Source data.
******************************

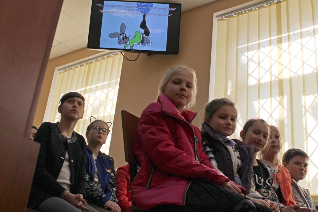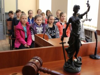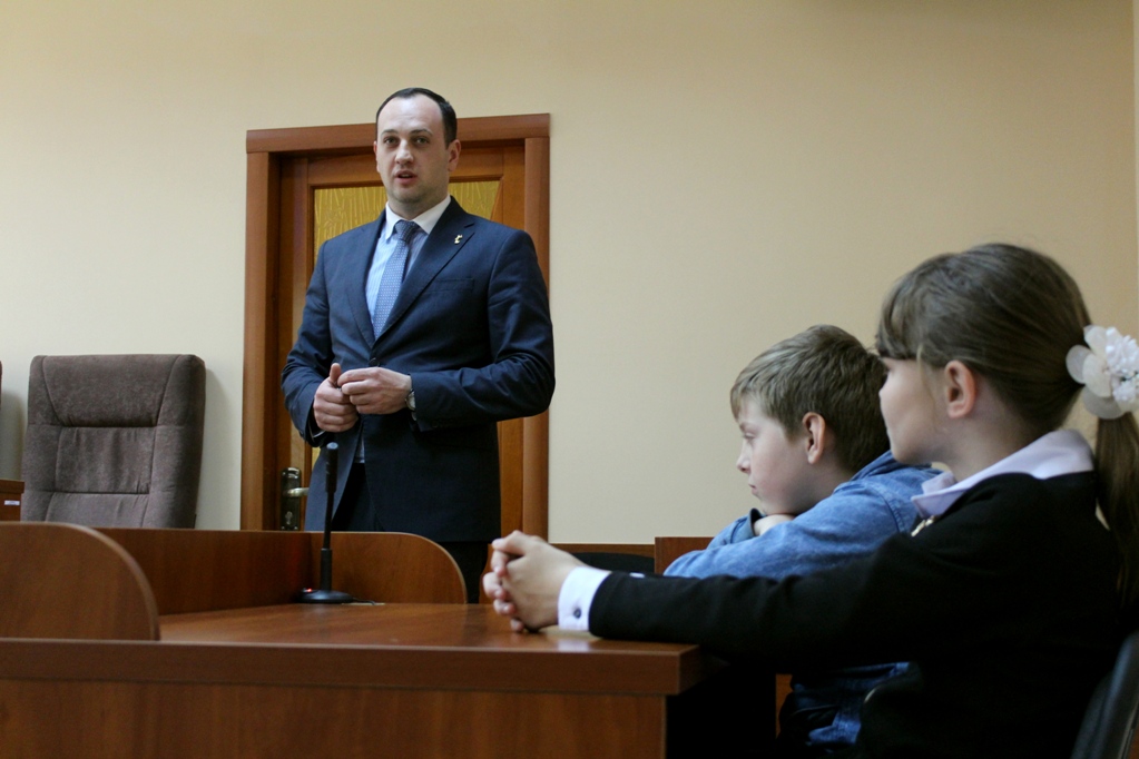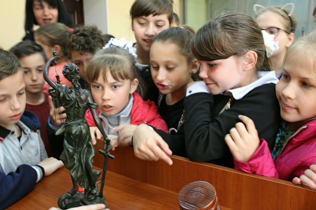 Біля приміщення суду школярів зустріла в.о. прес-секретаря суду Олена Коровіна, яка розповіла дітям про правила поведінки в суді та запросила дітей до залу судового засідання. У залі судового засідання в доступній для дітей формі відбулася цікава бесіда стосовно прав дітей. Діти подивились відеоматеріал стосовно правопорушень, та відповіли на питання.
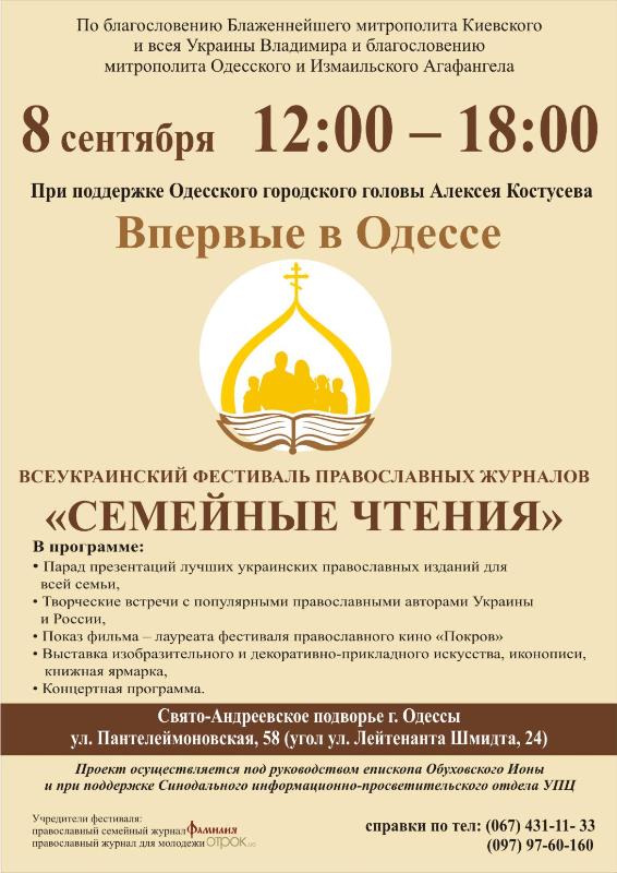 Свои издания готовы представить в Одессе учредители фестиваля «Семейные чтения» – православный журнал для молодежи «Отрок.ua» и православный семейный журнал «Фамилия», а также православный журнал для сомневающихся «Фома в Украине», женский православный журнал «Самарянка» и детские журналы «Капельки» и «Шишкин лес». В преддверии фестиваля каждый из журналов готовит к выходу в свет свежий номер, так что даже постоянным читателям православных изданий «Семейные чтения» в Одессе принесут много новых и ярких впечатлений.
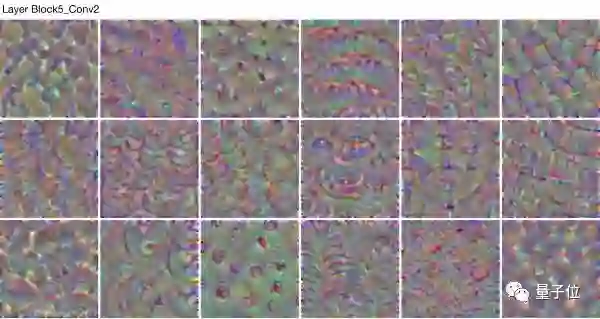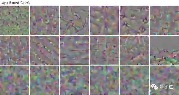 随着VGG16网络模型继续深入,这些颜色和方向与基本的纹理进行组合,逐渐生成特殊纹理。当进入Block3_Conv1后,方向和颜色的表现开始变少,开始出现更加复杂的纹理特征(圆形、螺旋形、多边形、波浪等形状组合),到了Block5_Conv1后可以清晰看到其纹理更加特别,卷积核随着网络空间信息的增长而出现了更加精细和复杂的特征。
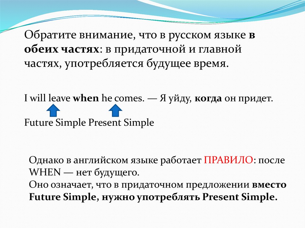 Обратите внимание, что в русском языке вобеих частях: в придаточной и главной
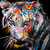 Impression sur toile d'une photo de tigre noir et blanc et de "tag" colorés
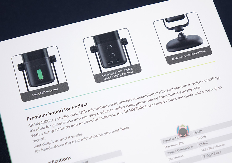 박스 후면에는 제품의 주요 특징으로 LED 인디케이터, 마이크 연결 USB 케이블 선택과 게인(Gain)/볼륨 조절, 마그네틱 분리형 베이스를 언급하고 있습니다. 그 아래에는 제품의 기본 사양을 표기해놨는데, 단일지향성 폴라패턴과 함께 눈길을 끄는 건 샘플링/비트 레이트가 48kHz/24비트까지 지원하는데, 비슷한 가격대의 제품들에선 아직까지 48kHz/16비트 제품들이 많아다라는 점에서 역시 음향 전문회사라 전문가들이 선호하는 산업전용 오디오인터페이스 기준으로 적용했다 생각할 수 있습니다. 참고로, 48kHz/24비트는 흔히 DVD음질이라고 말합니다.
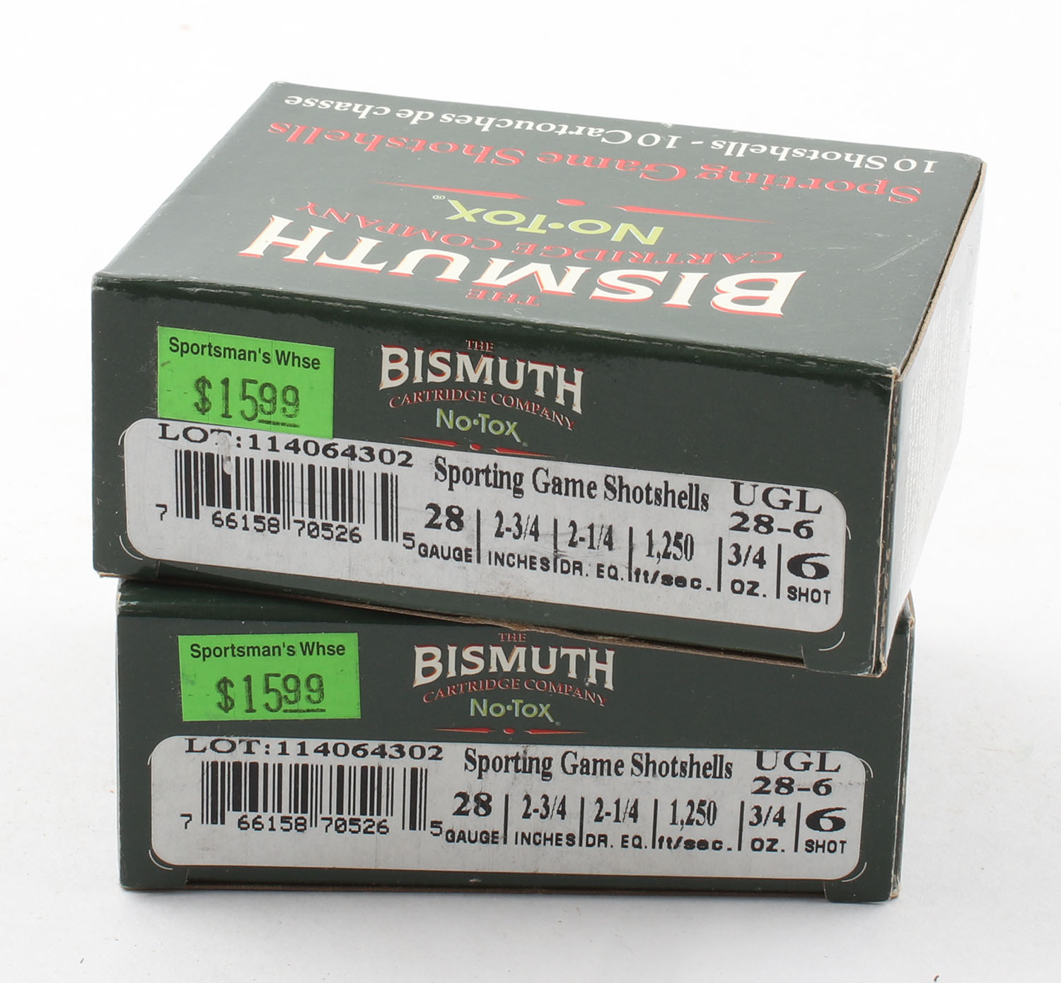 Lot of 2 Bismuth, 28ga., 1pc., Appears Full, shot size 6, 2 3/4'', multi-colored boxes. Grade: MINT - Value: 10 to 40
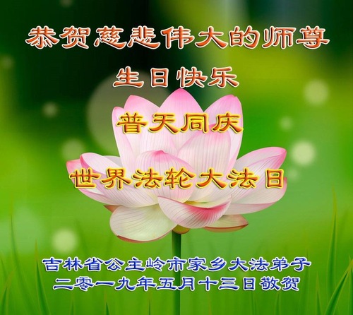 The practitioners from Gongzhuling City, the hometown of Master Li in Jilin Province, said: “Thank you, Master, for your compassionate salvation. You've done so much for us. You awakened our souls and the kindness buried deep down in our hearts; you helped us understand the real meaning of life; and you are protecting us each and every day and enabling us to mature on our spiritual path.”
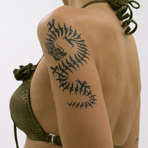 TATTOO(タトゥー)シールで、グッと色っぽく!いつものコスプレ衣装に合わせて、こだわりの箇所に貼り付けるだけ!特殊な素材を使用しているので、皮膚の動きと一緒に伸び縮みします。入浴したり、海やプールに入っても2、3日は取れません!あなたならどこに貼る?SM女王様風に胸元?ほのかにセクシーな首筋?クールに決まる腕?小悪魔ちっくな足首?パーティーに、お祭りに、イベントに、大活躍!あなたの個性で選んでね!
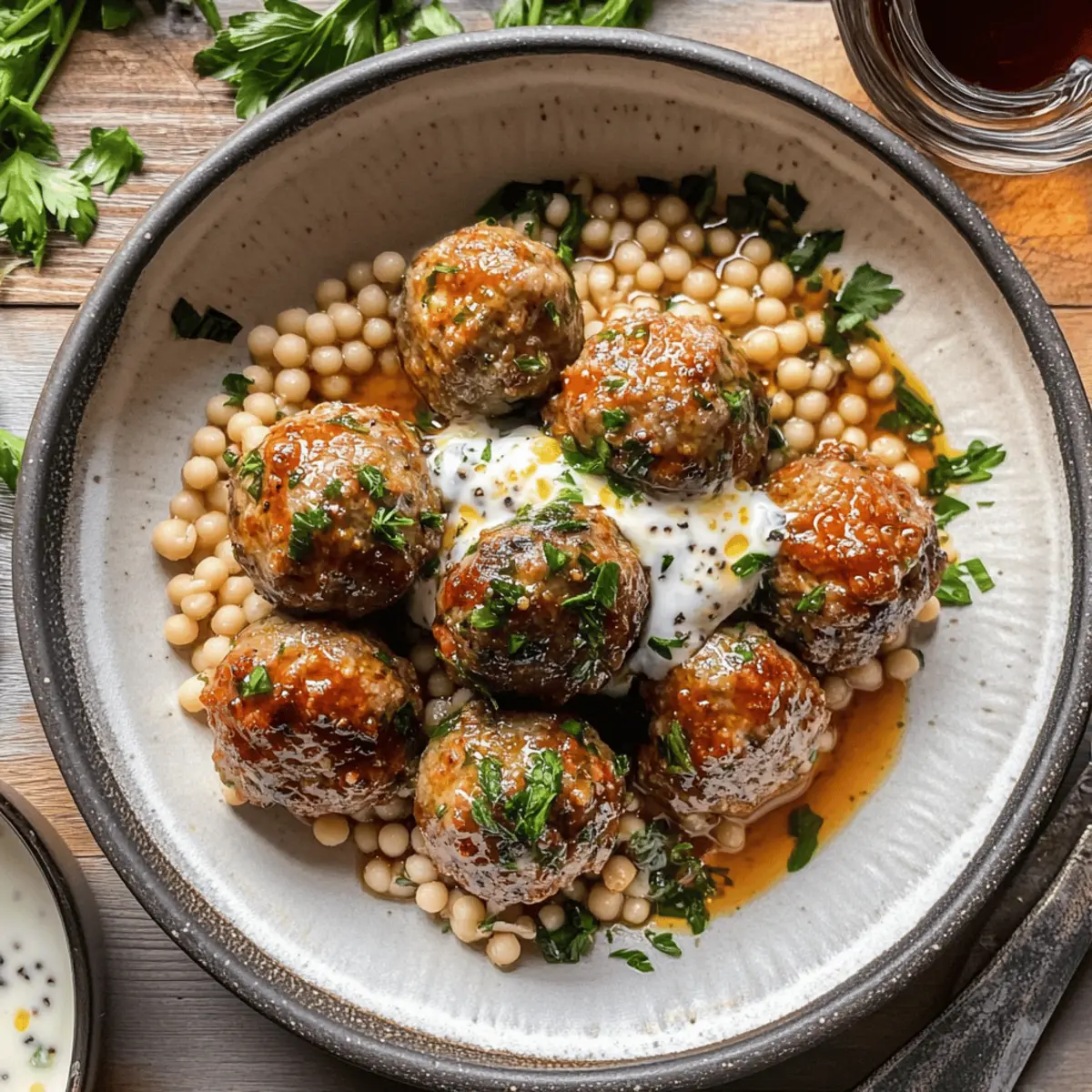 - Serve meatballs over fregola, drizzled with the yogurt sauce and additional olive oil.
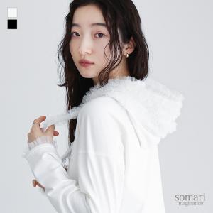カットソー レディース トップス 長袖 フード付き フーディー チュール インナー レイヤード 重ね着 プルオーバー 春 秋 冬「メール便不可」「20」

******************************

Work to be completed.
Repeat the preceding records exactly but drop the images.

Worked solution.
 Біля приміщення суду школярів зустріла в.о. прес-секретаря суду Олена Коровіна, яка розповіла дітям про правила поведінки в суді та запросила дітей до залу судового засідання. У залі судового засідання в доступній для дітей формі відбулася цікава бесіда стосовно прав дітей. Діти подивились відеоматеріал стосовно правопорушень, та відповіли на питання.
 Свои издания готовы представить в Одессе учредители фестиваля «Семейные чтения» – православный журнал для молодежи «Отрок.ua» и православный семейный журнал «Фамилия», а также православный журнал для сомневающихся «Фома в Украине», женский православный журнал «Самарянка» и детские журналы «Капельки» и «Шишкин лес». В преддверии фестиваля каждый из журналов готовит к выходу в свет свежий номер, так что даже постоянным читателям православных изданий «Семейные чтения» в Одессе принесут много новых и ярких впечатлений.
 随着VGG16网络模型继续深入,这些颜色和方向与基本的纹理进行组合,逐渐生成特殊纹理。当进入Block3_Conv1后,方向和颜色的表现开始变少,开始出现更加复杂的纹理特征(圆形、螺旋形、多边形、波浪等形状组合),到了Block5_Conv1后可以清晰看到其纹理更加特别,卷积核随着网络空间信息的增长而出现了更加精细和复杂的特征。
 Обратите внимание, что в русском языке вобеих частях: в придаточной и главной
 Impression sur toile d'une photo de tigre noir et blanc et de "tag" colorés
 박스 후면에는 제품의 주요 특징으로 LED 인디케이터, 마이크 연결 USB 케이블 선택과 게인(Gain)/볼륨 조절, 마그네틱 분리형 베이스를 언급하고 있습니다. 그 아래에는 제품의 기본 사양을 표기해놨는데, 단일지향성 폴라패턴과 함께 눈길을 끄는 건 샘플링/비트 레이트가 48kHz/24비트까지 지원하는데, 비슷한 가격대의 제품들에선 아직까지 48kHz/16비트 제품들이 많아다라는 점에서 역시 음향 전문회사라 전문가들이 선호하는 산업전용 오디오인터페이스 기준으로 적용했다 생각할 수 있습니다. 참고로, 48kHz/24비트는 흔히 DVD음질이라고 말합니다.
 Lot of 2 Bismuth, 28ga., 1pc., Appears Full, shot size 6, 2 3/4'', multi-colored boxes. Grade: MINT - Value: 10 to 40
 The practitioners from Gongzhuling City, the hometown of Master Li in Jilin Province, said: “Thank you, Master, for your compassionate salvation. You've done so much for us. You awakened our souls and the kindness buried deep down in our hearts; you helped us understand the real meaning of life; and you are protecting us each and every day and enabling us to mature on our spiritual path.”
 TATTOO(タトゥー)シールで、グッと色っぽく!いつものコスプレ衣装に合わせて、こだわりの箇所に貼り付けるだけ!特殊な素材を使用しているので、皮膚の動きと一緒に伸び縮みします。入浴したり、海やプールに入っても2、3日は取れません!あなたならどこに貼る?SM女王様風に胸元?ほのかにセクシーな首筋?クールに決まる腕?小悪魔ちっくな足首?パーティーに、お祭りに、イベントに、大活躍!あなたの個性で選んでね!
 - Serve meatballs over fregola, drizzled with the yogurt sauce and additional olive oil.
カットソー レディース トップス 長袖 フード付き フーディー チュール インナー レイヤード 重ね着 プルオーバー 春 秋 冬「メール便不可」「20」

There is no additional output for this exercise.